I started my very first internship at GSI Technology and my first project was on cheminformatics — it was on performing similarity search on molecules. Similarity search can be done in various ways, and RDKit is one popular toolkit that helps you calculate similarities of molecules directly. Additionally, my mentor also mentioned exploring more ways to do similarity search on molecules, such as graph embeddings, but we will save that for a later post.

Drug Discovery is trending in Data Science!

What is RDKit?

When I first scrolled through the RDKit “Getting Started” package, I was initially confused by all the numbers and chemical formulas. But I’m not a chemist! And all the functions looked so complicated, for example, MolFromSmiles(), MolToMolBlock(), and so many more. However, as I went through it step by step, it was not as complex as I thought it was. It was just that the chemical terms were intimidating. Now, I’m going to show you how simple it is to use RDKit.

First, let’s look at a couple of ways to create molecules using RDKit:

The first example creates a molecule from what’s called a SMILES string. The letter in the string stands for an atom — C is carbon, O is oxygen, and N is nitrogen. The other symbols in the string describe the bonds between the atoms.

The second example creates a list of molecules from a molecule database. The database I used is openly available from the chEMBL site.

Visualizing Molecules

Now that we know how to load molecules, we might want to visualize them. In RDKit, that’s easy. There are lots of different ways and examples on the Internet about displaying molecules, I’m using one of them (RDKit in Jupyter,) and this is the code I copied from it.

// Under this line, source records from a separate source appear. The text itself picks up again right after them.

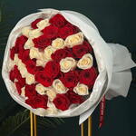 Unveil the language of love and affection with this stunning mono bouquet. Hand-picked and artistically arranged, it features 25 radiant red roses of fervent passion, harmoniously intertwined with 25 pristine, white roses of pure innocence and devotion. This bouquet is more than a gift; its an unforgettable gesture of your hearts sincerest emotions.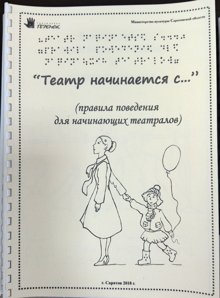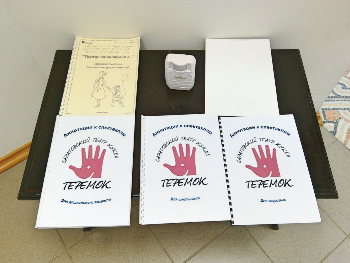 На выставке представлены материалы о театре на специальных носителях: аннотации к спектаклям Саратовского театра кукол «Теремок», правила поведения для начинающих театралов.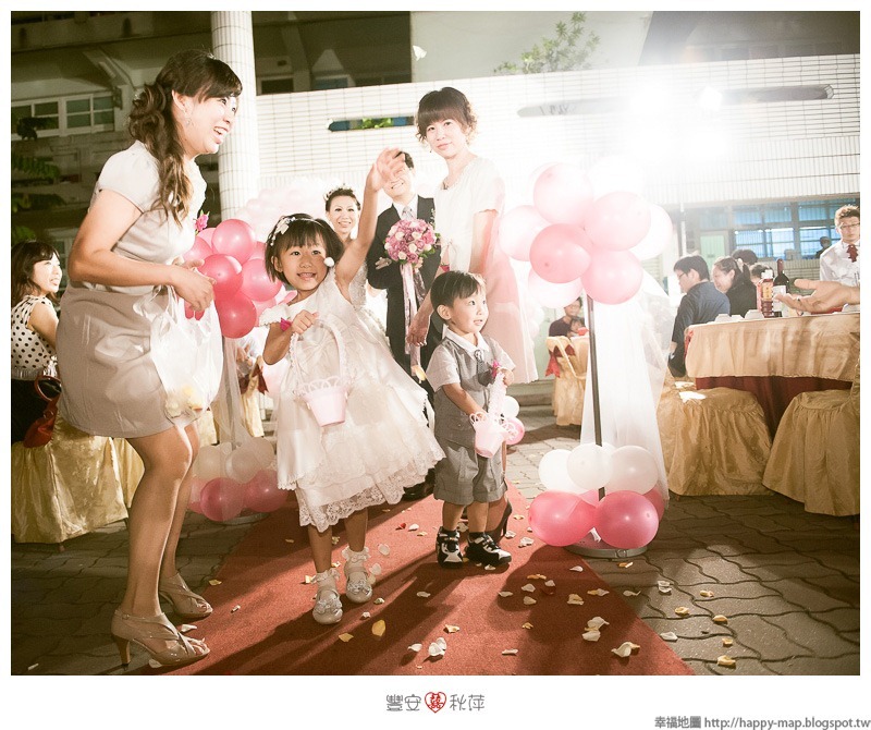 花童灑花,不過有時候花童很難控制,會有家長在旁邊陪伴或是需要先前的預演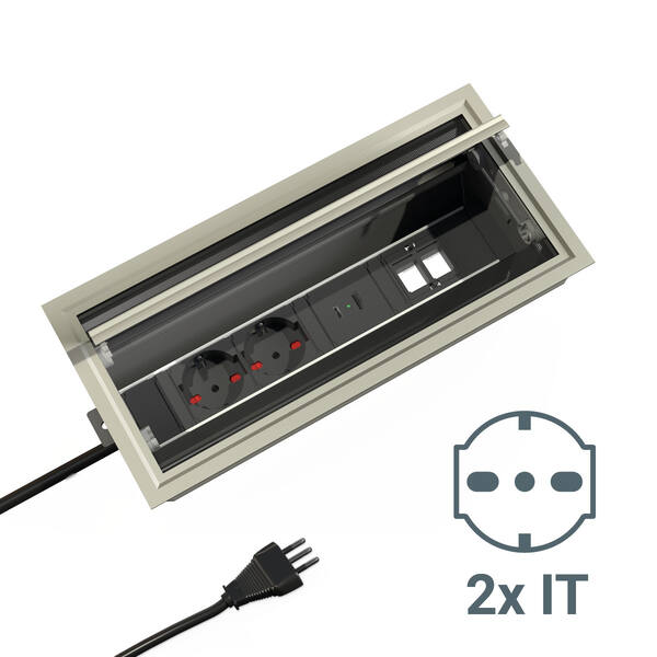 EXIT 90 PLUS PASSACAVO CON DOPPIA APERTURA E MULTIPRESA INTEGRATA DIMENSIONE 288X135X109MM FINITURA ALLUMINIO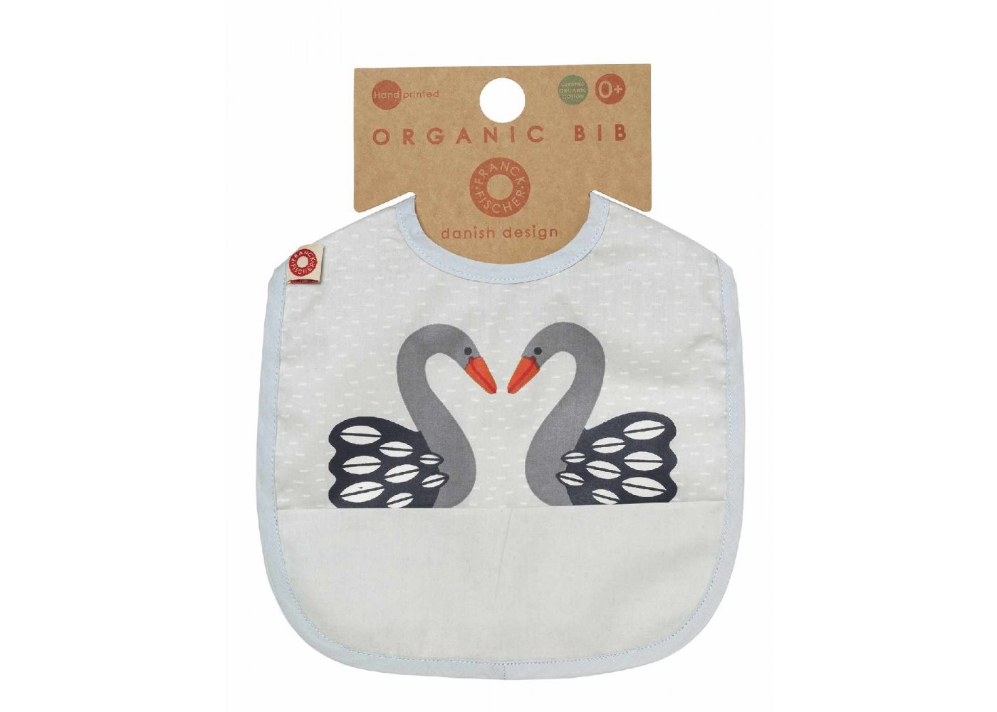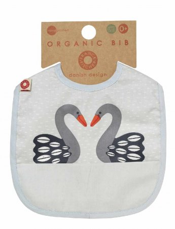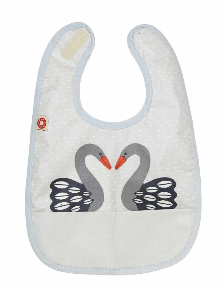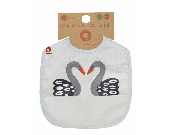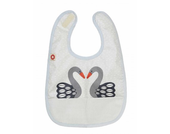 Haklapp med grå svanar från Franck & FischerSupersöt och enkel haklapp i härlig ekologisk bomull. Haklappen är behandlad med en tunn akrylbeläggning som gör den smutsavvisande. Dessutom har den en ficka som kan fånga upp lite av den mjölk och mat som spills.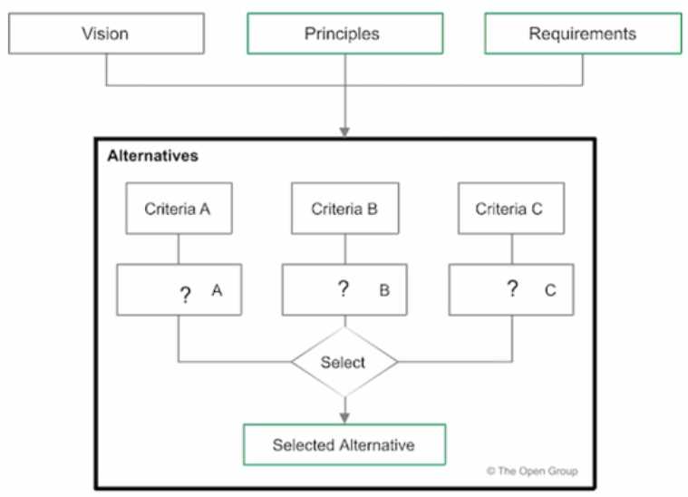 with the TOGAF approach of developing a set of potential architectures and then selecting the one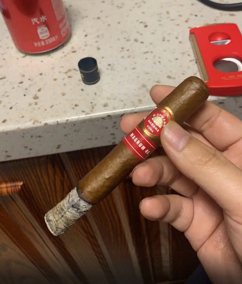 到尾端,皮革和坚果味加重,焦油积累增加,带来浓烈的尼古丁焦糖味。余韵干净带回甘,但抽吸过快时可能有轻微苦味。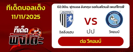 ศึกอังกฤษ จอห์นสโตนส์ เพนท์โทรฟี่ ทางด้านเจ้าบ้านจิลลิ่งแฮม ผลงานถือว่าอาการไม่ค่อยดี โดย 5 เกมหลังชนะ 1 เสมอ 2 แพ้ 2 ในลีกก็อยู่ที่ 6 ในส่วนทีมเยือนวีคอมบ์ ผลงาน 5 เกมหลัง ถือว่าเอาเรื่องเลย โดยชนะ 3 เสมอ 2 ในลีกก็อยู่ที่ 14 ราคาเปิดมาทีมเยือนต่อ ปป วีคอมบ์ ที่กำลังอยู่ในช่วงที่ฟอร์มดีเยี่ยมและมีคุณภาพทีมที่สูงกว่า ความแตกต่างของลีกและความมั่นใจของทีมยังคงเป็นปัจจัยสำคัญ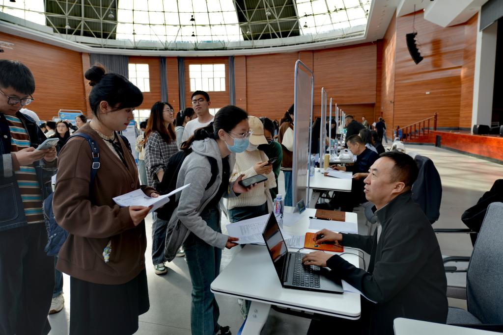 本次招聘会包括学校、培训机构、信息技术公司等50余家单位参与,提供就业岗位600余个,涉及教育、管理、汉语言文学、数学、英语等20多个专业,约1000多名毕业生到场询问岗位情况,与用人单位深度交流、沟通,并投递简历。

And this is what the molecule loaded from the SMILES string looks like:

mol = CC(N)C(=O)O

Substructures

Substructures are very important in cheminformatics. A substructure is just a part of a molecule. For example, look at the molecule below to the left. I’ve highlighted just one substructure of the molecule in yellow, which is isolated and shown to the right. Why are substructures important?

left: CC(N)C(=O)O; right:CCO

It turns out that certain substructures determine how a molecule behaves as a drug. And so molecules that share the same key substructures are likely to behave in a similar way. RDKit helps us match substructures between molecules.

Notice in the example above, since mol contains the substructure pattern, the function HasSubstructMatch() returns true.

Similarity Search

Now that we can load and display molecules, let’s move on to similarity search. Why is similar search important for molecules? Here is one use case. A pharmaceutical company is designing a new drug for pain relief. Because synthesis of new drugs is very expensive, they want to start the process with the best “seed” molecules — the ones with the highest chance of success. One technique would be to take a molecule that has known pain relief properties and perform a similarity search against a large “virtual” molecule database. There is a good chance that the top matches also have the desired properties. In this way, the company starts the expensive and time consuming drug discovery process with the best leads.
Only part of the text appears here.